3. And where keeping this in view of the Air Act Rajasthan State Pollution Control Board (hereinafter called as the Board) has been conferred powers to take such steps as are necessary for the prevention control and abatement of air pollution.

5. And whereas the State Government has terminated the mining leases of masonry stone in the Kama and Deeg area. Therefore, there is no source of raw material to feed the stone crusher except illicit mining.

9. And whereas the State Board in order to prevent and control air pollution being caused by the industry is competent to issue any direction under Section 31A of the air act in writing to any person, officer or authority and such person, officer or authority shall be bound to comply with such directions.

The Board in view of the above, sent the notice to the petitioner requiring his objections against intended refusal of consent application and intended closure directions and was directed to submit reply within 15 days to the Environment Engineer with a copy to the Regional Office of the Board at Alwar. It may further be mentioned that a common Committee constituted by District Collector Bharatpur inspected the petitioner's unit during 11.2.2009 to 13.2.2009 Neither the petitioner nor any of its representatives did appear before the State Board pursuant to the notice dated 29.12.2008 The State Board vide its composite letter dated 22.7.2009 refused consent to operate the crusher and issued show cause notice intending the issuance of the directions under the provisions of Section 31A of the AIR Act. The petitioner assailed the orders of the State Board before this Court in S.B Civil Writ Petition No. 10826/2009. This court vide its judgment dated 8.12.2009 quashed and set aside the order dated 22.7.2009 and remitted the matter to the State Board for deciding the matter afresh. The petitioner appeared before the Chairman of the State Board and submitted written submissions on 29.12.2009

4. The learned counsel for the petitioner averred in the writ petition that by the judgment of this Court dated 8.12.2009 the State Board was directed to decide the matter by speaking order after considering the grounds taken in the reply and after providing opportunity of hearing to the petitioner. The petitioner averred that the chairman of the State Board alone is not legally competent to hear the matter and decide it. Hearing of the matter by the Chairman tantamount to sitting over one's own judgment for the simple reason that the State Board has taken a stand that the State Board has delegated the power to issue the directions under Section 31A to the Chairman. The learned counsel argued that even if the decision is right on merits, it is by a forum which is lacking in competence with regard to the subject matter.

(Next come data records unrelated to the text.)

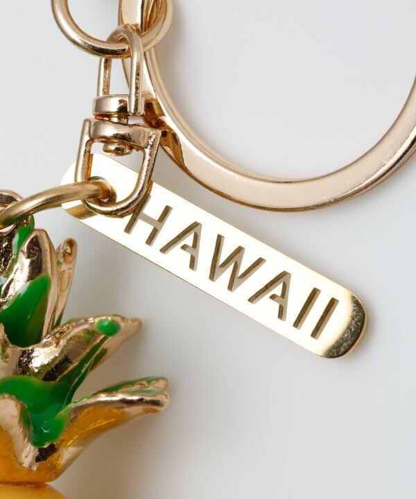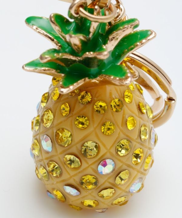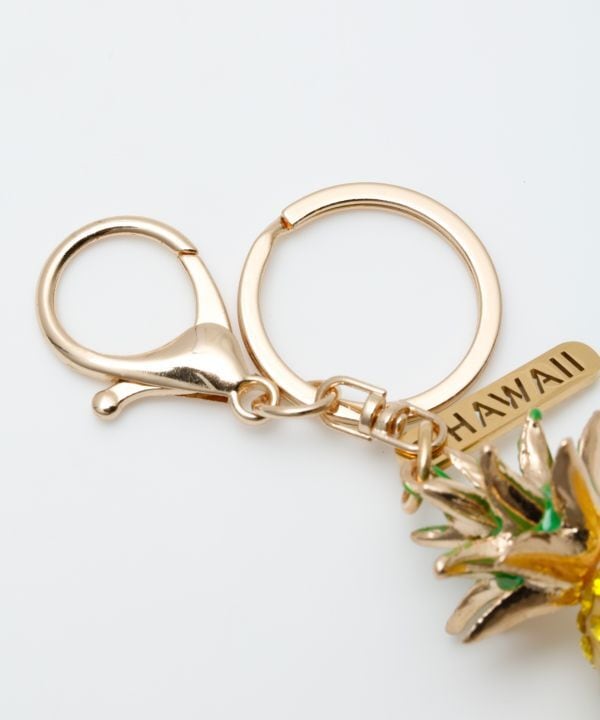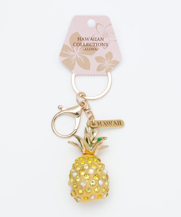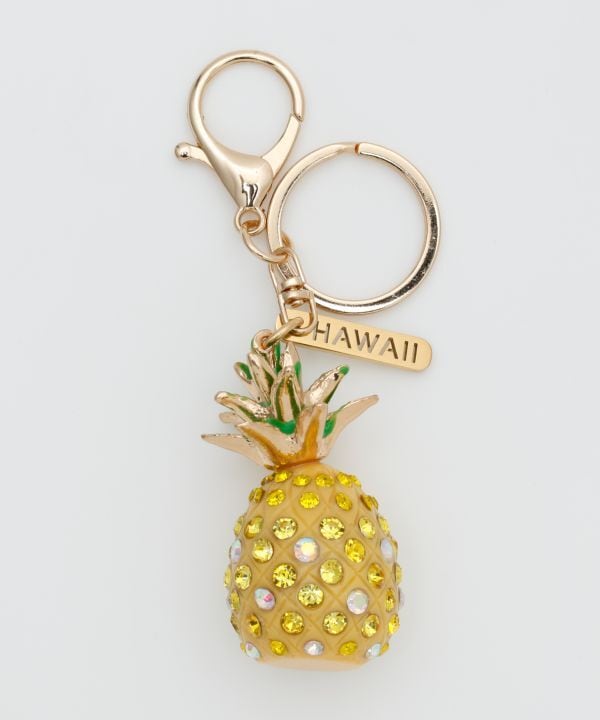 ハワイのお土産屋さんにありそうな、ビジューいっぱいの立体的なパイナップルキーホルダー。
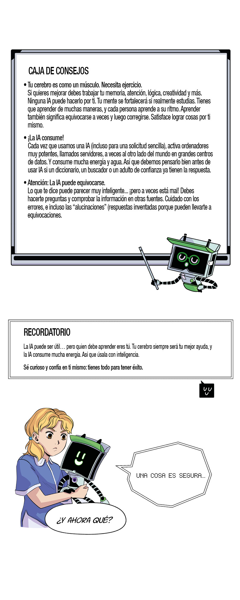 VERDADERO. La IA le daba las respuestas correctas, lo que le daba la ilusión de dominar, sin esfuerzo de comprensión ni memorización. Al copiar la IA sin pensar, no se desarrolla ni la memoria ni el pensamiento crítico. La IA es solo una herramienta, una máquina: puede ayudarte, pero depende de ti reflexionar, pensar por ti mismo, hacerte preguntas. ¡Así aprende tu cerebro! Igual que los deportistas entrenan sus músculos, el cerebro debe entrenarse a diario para ser eficaz. La IA puede ayudar a comprender algunos puntos de una lección, ayudarnos a estructurar una respuesta, hacerte preguntas para verificar que has aprendido. Solo el aprendizaje activo permite retener a largo plazo.
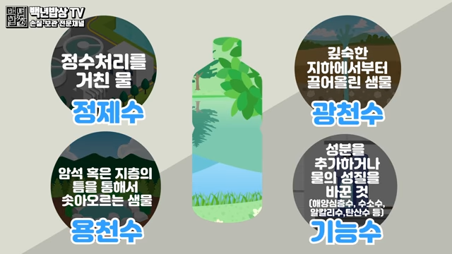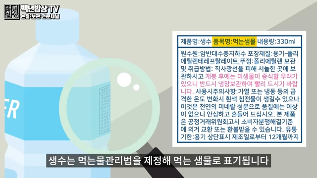 생수는 먹는물관리법을 제정해 먹는 샘물로 표기됩니다.
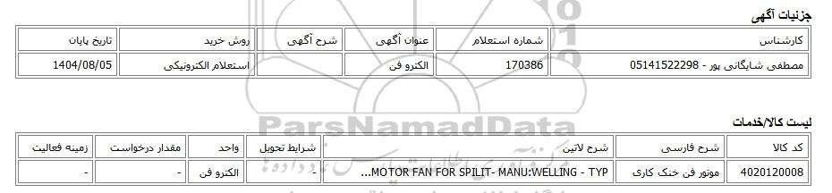 | مصطفی شایگانی پور - 05141522298 | 170386 | الکترو فن | استعلام الکترونیکی | 1404/08/05 |

5. The counsel for the petitioner argued that in case the impugned orders are passed under Air Act then the same requires ratification by the State Board. The learned counsel further argued that the order dated 22.7.2009 and impugned orders dated 5.2.2010 have not been placed before the next meeting of the State Board. Lastly the learned counsel stated that the State Board is defunct as Rukmani Haldiya retired on completion of age of 60. The petitioner's counsel placed reliance on Gujrat Pollution Control Board v. Nicsulf Industries and Exports Private Limited, (2009) 2 SCC 171, Mahabir Coke Industry v. Pollution Control Board, AIR 1998 Gauhati 10 and Animal Feeds Dairies and Chemicals Ltd. v. Orissa State Prevention and Control of Pollution Board (AIR 1995 Orissa 84).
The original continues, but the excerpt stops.